BRIC or MINT? Investors suffer acronym anxiety

LONDON (Reuters) – Which investment takes your fancy: BRIC, MINT or CIVETS? For many fund managers seeking the next big thing in emerging markets, the answer is none.

Acronym investment – putting money into small groupings of markets which often have little in common beyond a broad economic concept – is giving way to acronym anxiety.

Former Goldman Sachs economist Jim O’Neill set the ball rolling in 2001 when he created the BRIC family of Brazil, Russia, India and China.

Many of these countries and others lumped together under separate acronyms have, at least until recently, enjoyed turbo-charged economic growth. But investment gains are not guaranteed and underperforming local stock markets have led fund managers to flee what had been fashionable groupings.

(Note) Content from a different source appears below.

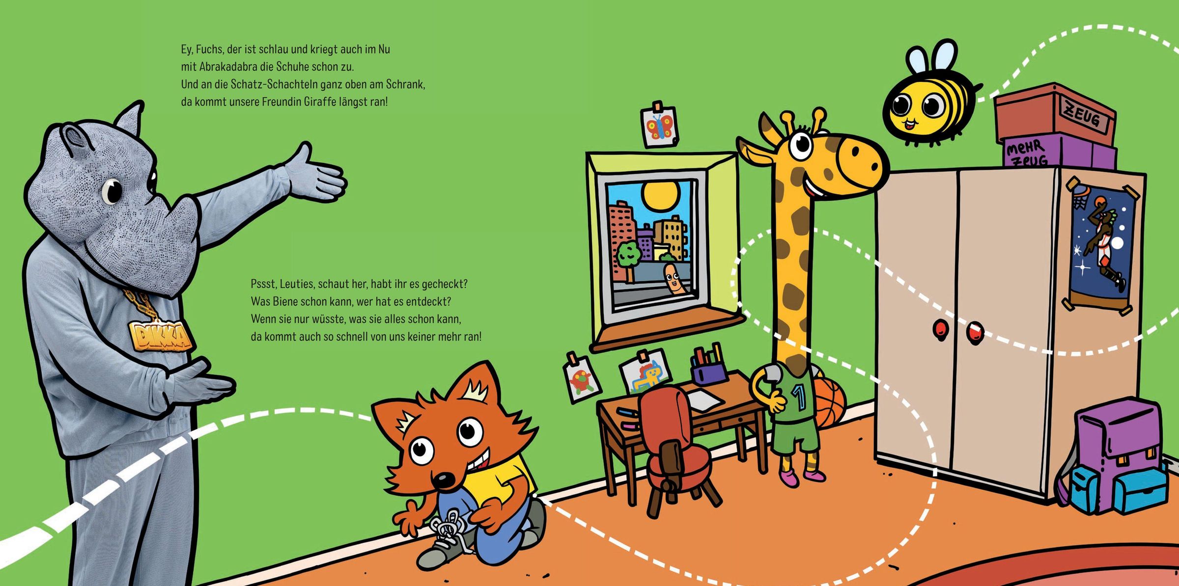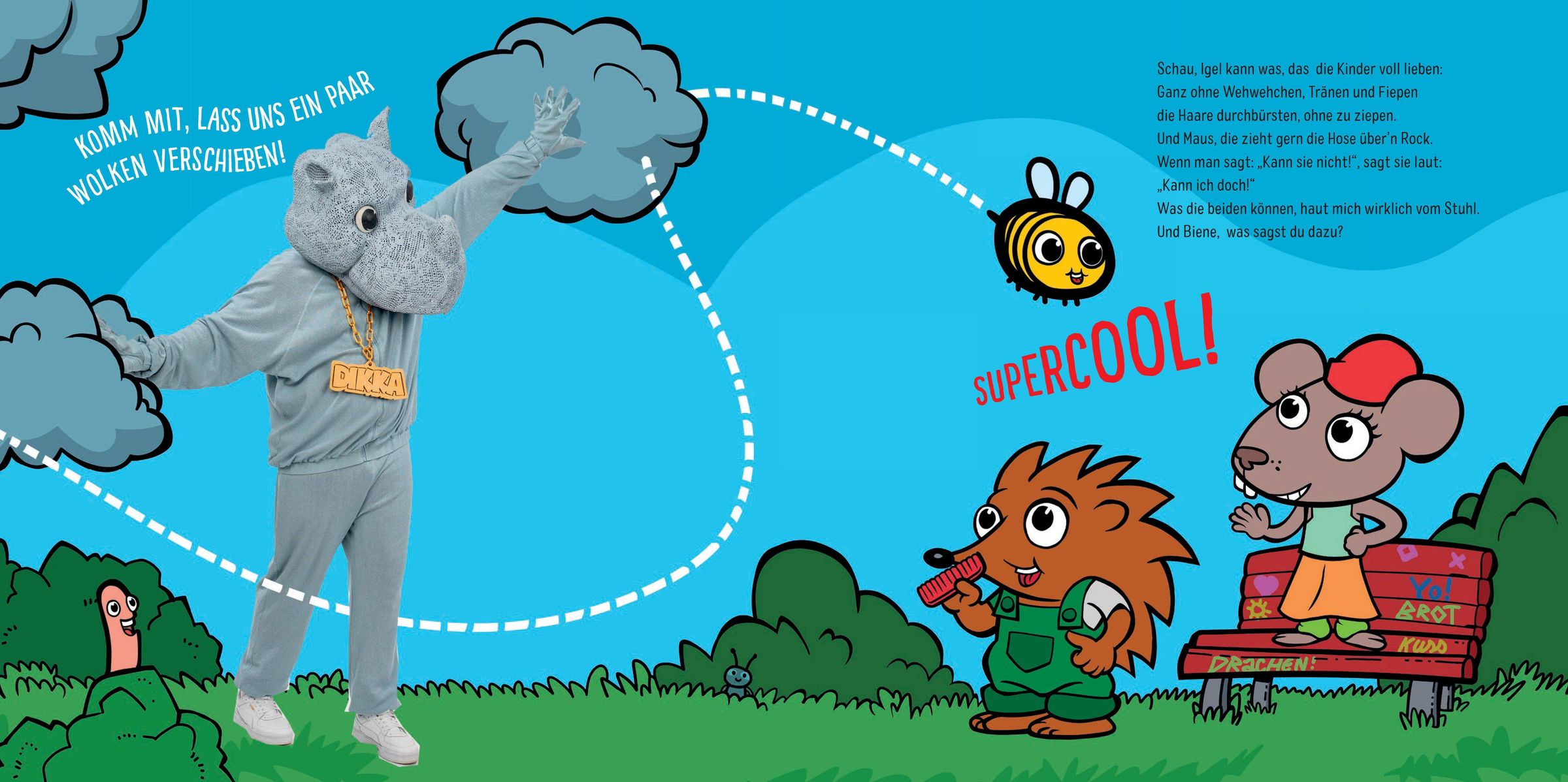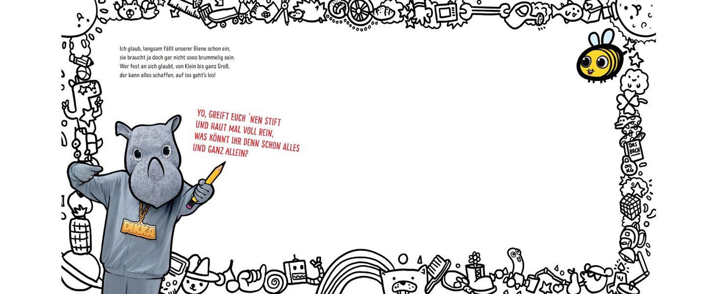 Das Nashorn DIKKA ist aktuell der erfolgreichste Musiker im Kinderbereich. Wenn seine Songs ertönen, gibt es bei Klein und Groß kein Halten mehr: Hier treffen freche Texte auf altbekannte Hip-Hop-Beats. DIKKA ist der coole große Freund, der die Kinder ermutigt, ihr Ding zu machen. Und nun gibt's das beliebte Nashorn nicht mehr nur auf die Ohren, sondern auch im Bilderbuch: Die kleine Biene ist schüchtern und verunsichert, bis DIKKA sie an die Hand nimmt. Zusammen mit seinen Freunden zeigt er ihr, was sie eigentlich schon alles kann: "Ich zieh gern 'ne Hose über 'nen Rock. Du sagst, kann ich nicht, haha, kann ich doch!" DIKKA macht Kindern Mut, die Welt auf ihre eigene Weise zu erobern.

Assets under management in BRIC funds fell to 9 billion euros at the end of last year from 21 billion at the end of 2010, according to Lipper data, while assets under management in broader emerging equity funds have grown in that time.   Goldman Sachs’s own BRIC fund has lost 20 per cent in value over the past three years.     Undaunted, O’Neill has coined a new acronym. In a series on BBC radio this month, he championed the MINT group – Mexico, Indonesia, Nigeria, Turkey – as the next giants after the BRICs. O’Neill stresses that MINT – like BRIC before – is an economic, not an investment, concept and his programmes explored each country’s problems as well as its potential.

Nevertheless, the appeal of acronym investment is fading. Fund managers say such groupings do not take into account different stages of development of the countries involved and risk sidelining other promising markets. The groupings have also frequently suffered from disappointing performances of their listed companies, the main target of foreign investors.

O’Neill’s timing is not ideal. Turkey has been rocked by an investigation into alleged corruption following street protests last summer, while Nigerian politics are in turmoil before elections next year.

Indonesia, along with other emerging economies which are running large current account deficits, is experiencing a flight of investors.